Excerpts from a dataset
========
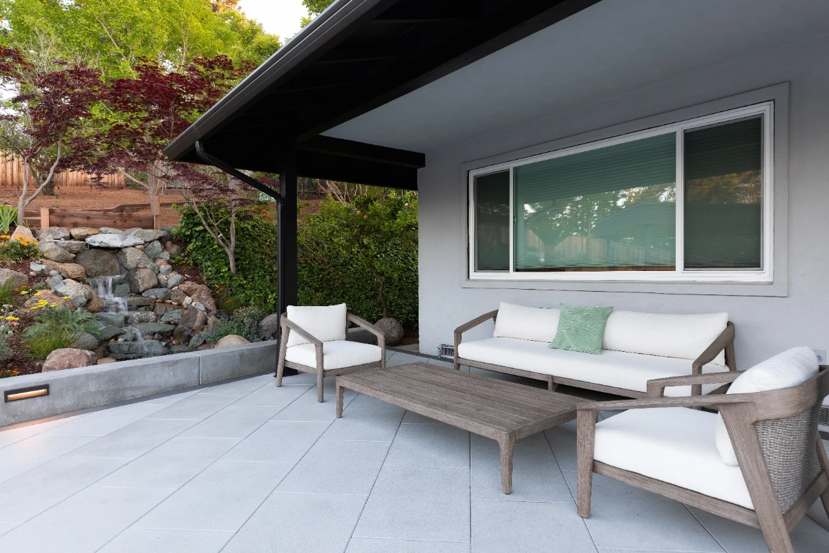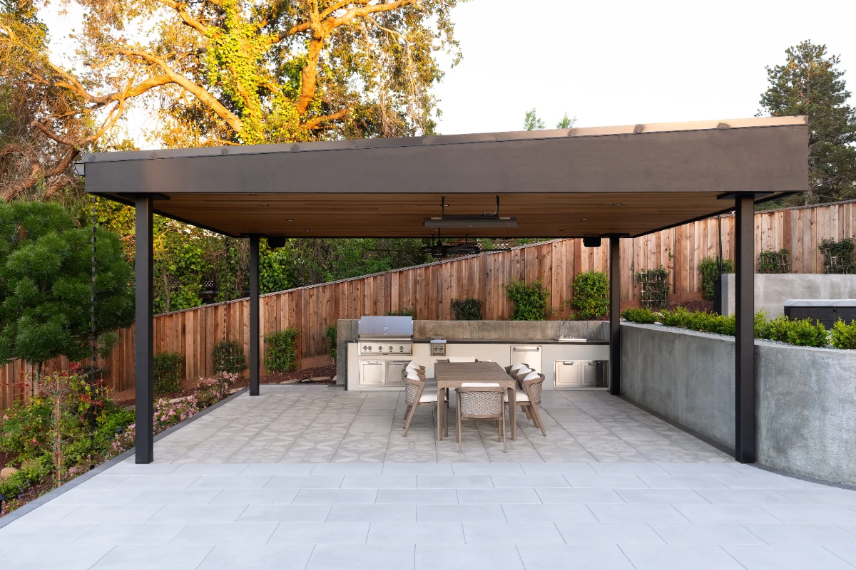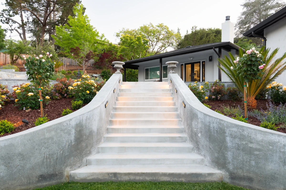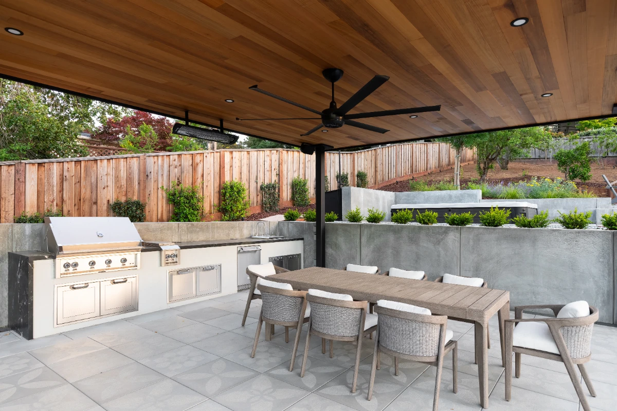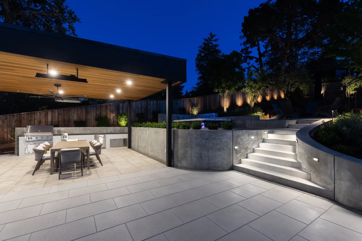 Along with the patio, a 20’ outdoor kitchen finished in smooth white stucco offers a central hub for cooking and dining. Multiple retaining walls were constructed to elevate sections of the yard and create level areas for different activities, giving the landscape a sense of structure and flow.
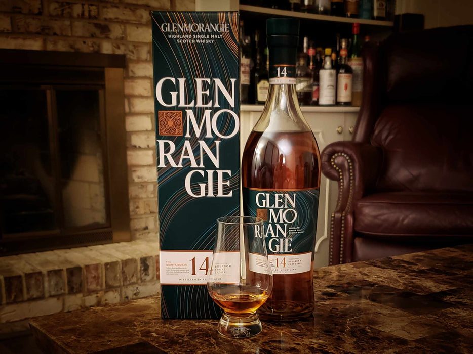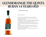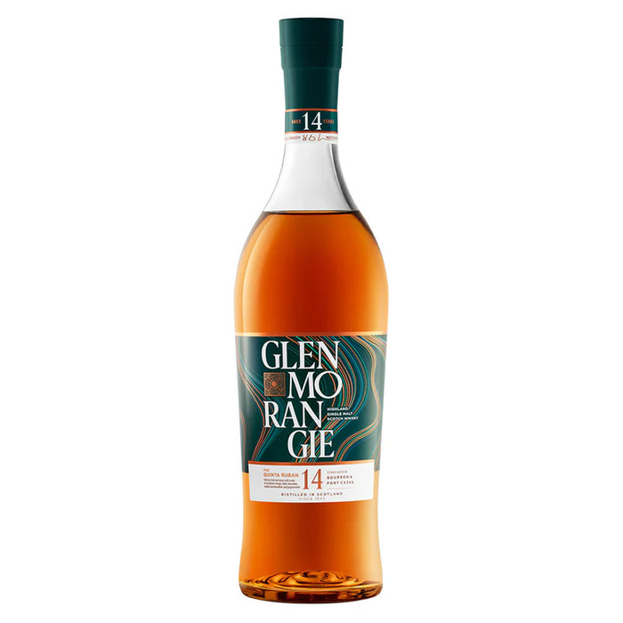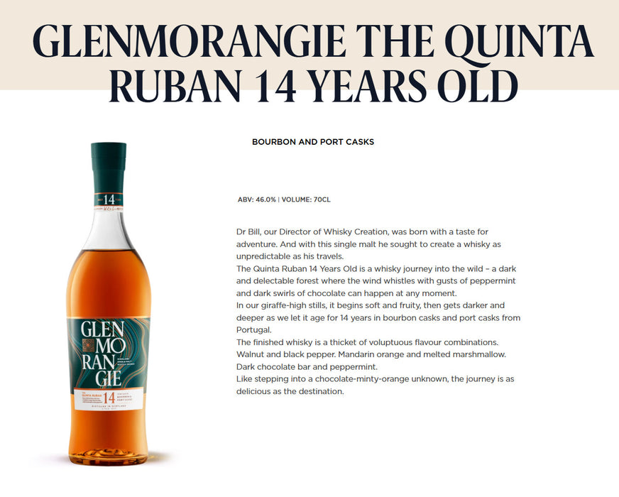Glenmorangie 14 Years Old Quinta Ruban. A full-bodied, silky-smooth single malt from Glenmorangie, finished in a Quinta Ruban port cask, creating a rich chocolate flavour. Gentle aromas of Seville oranges and walnut build into rich dark chocolate, sandalwood and spicy pepper. The palate initially offers notes of mint chocolate, walnuts and orange develop into Turkish delight and summer flowers.
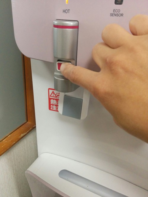 お水を出す際にボタンを押しながらレバーを押さないとお水が出ない二重ロックになっているので、小さいお子さんがいる家庭でも安心♪
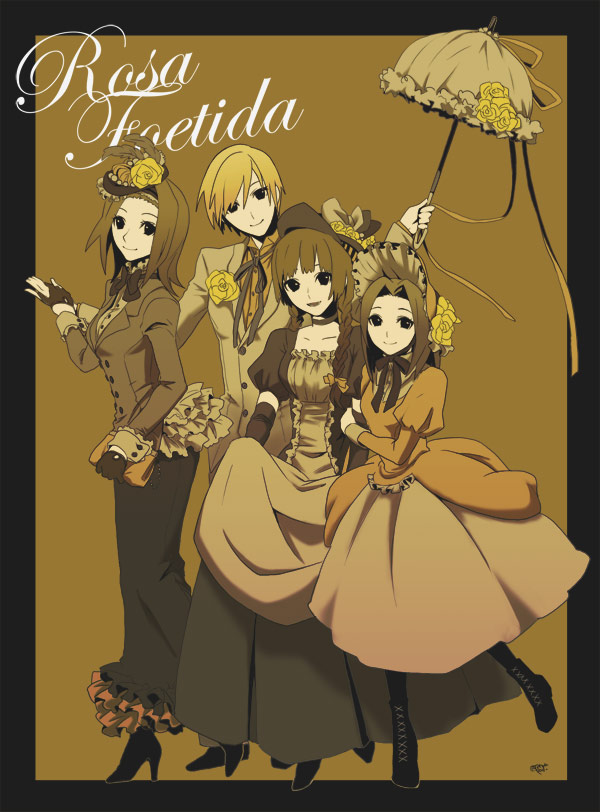 mysteryctu, bangboo (zenless zone zero), magus (zenless zone zero), orphie magnusson, wise (soaring crane) (zenless zone zero), wise (zenless zone zero), zenless zone zero, commission, highres, pixiv commission, 1boy, 2girls, black gloves, black hat, blush, breasts, censored, cum, gloves, goat horns, green eyes, hat, horns, large breasts, mosaic censoring, multiple girls, nipples, orange hair, pointy ears, sex, signature, straddling, tail, twintails, upright straddle, yellow gloves
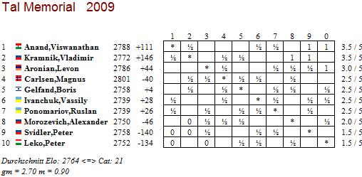 TopTurniere Tal Memorial 2009 - Vishy Anand siegt als Einziger ... ... und führt zur Halbzeit gemeinsam mit Vladimir Kramnik
========
**Work order:** The records above are to be restated word for word, excluding all pictures.

**Response for this exercise:**
 Along with the patio, a 20’ outdoor kitchen finished in smooth white stucco offers a central hub for cooking and dining. Multiple retaining walls were constructed to elevate sections of the yard and create level areas for different activities, giving the landscape a sense of structure and flow.
Glenmorangie 14 Years Old Quinta Ruban. A full-bodied, silky-smooth single malt from Glenmorangie, finished in a Quinta Ruban port cask, creating a rich chocolate flavour. Gentle aromas of Seville oranges and walnut build into rich dark chocolate, sandalwood and spicy pepper. The palate initially offers notes of mint chocolate, walnuts and orange develop into Turkish delight and summer flowers.
 お水を出す際にボタンを押しながらレバーを押さないとお水が出ない二重ロックになっているので、小さいお子さんがいる家庭でも安心♪
 mysteryctu, bangboo (zenless zone zero), magus (zenless zone zero), orphie magnusson, wise (soaring crane) (zenless zone zero), wise (zenless zone zero), zenless zone zero, commission, highres, pixiv commission, 1boy, 2girls, black gloves, black hat, blush, breasts, censored, cum, gloves, goat horns, green eyes, hat, horns, large breasts, mosaic censoring, multiple girls, nipples, orange hair, pointy ears, sex, signature, straddling, tail, twintails, upright straddle, yellow gloves
 TopTurniere Tal Memorial 2009 - Vishy Anand siegt als Einziger ... ... und führt zur Halbzeit gemeinsam mit Vladimir Kramnik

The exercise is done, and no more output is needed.